You’re 18 years old.

I need you to start making some decisions that you’re going to have to be a part of for the rest of your life.

He did not push Keon toward anyone’s school.

He pushed him toward ownership of his own choice.

In his senior year at Long Island Lutheran High School, Keon averaged a team high 15.

7 points per game alongside three other current power players.

He was no longer just Carmelo’s son.

He was Keon.

Kean Anthony was born into 160 million worth of legacy.

He chose early mornings in the gym, a nickname that wasn’t even his father’s, and a school where his father’s number hangs on the wall, and then told the world he was going there to make his own name.

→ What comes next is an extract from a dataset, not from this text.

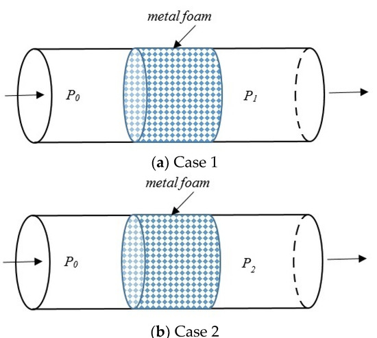 where, is the permeability, and is known as the viscous resistance factor, is the inertial resistance factor. They are two important parameters for a porous media which are unknown for a metal foam. is the viscosity of the flow, is the density of the flow, and is the velocity of the flow. In this study, these two parameters are obtained by simulations which will described below [27,28]. In actual situations, the flow is the mixture of air and oil. In previous studies, the researchers found pressure loss can be generated by liquid holdup related to the multiphase flow properties [29,30,31]. However, considering the mixture is spare multiphase flow and the droplets are much smaller than the holes in metal foam [10], only air is taken into account in the simulation. The simulation based on six assumptions [27]:
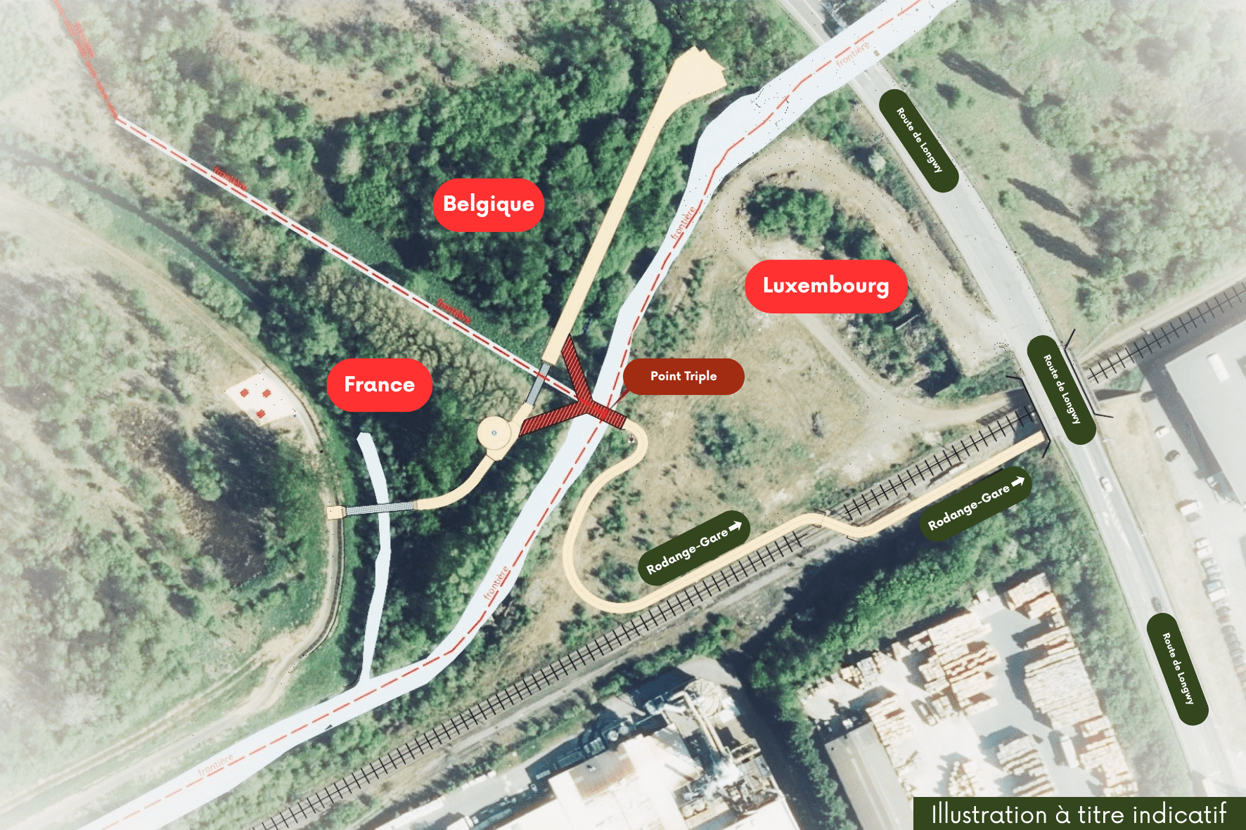 Ce pont pour piétons et cyclistes reliera directement les communes de Mont-Saint-Martin, Aubange et Pétange, aujourd’hui encore séparées par une frontière naturelle.

That is not humility as a performance.

That is character as a choice.

And it is the most important thing any of these 10 kids have in common.

10 kids, 10 families.

One decision made over and over again in mansions and training gyms and economycl class airplane seats and quiet dinner tables is that wealth is not an excuse to stop building character.

It never was.

The parents in these stories came from different places.

Some from nothing, some from plenty, but every single one of them looked at their children and said the same thing in different words.

You will not waste this.

You will understand what it costs.

You will earn your place regardless of what my name can open for you.

These kids are proof that the most valuable thing you can give a child is not a trust fund.

It is the understanding that the trust fund means nothing unless the person holding it has something real inside of them.

That is the lesson.

And right now these 10 kids are living it.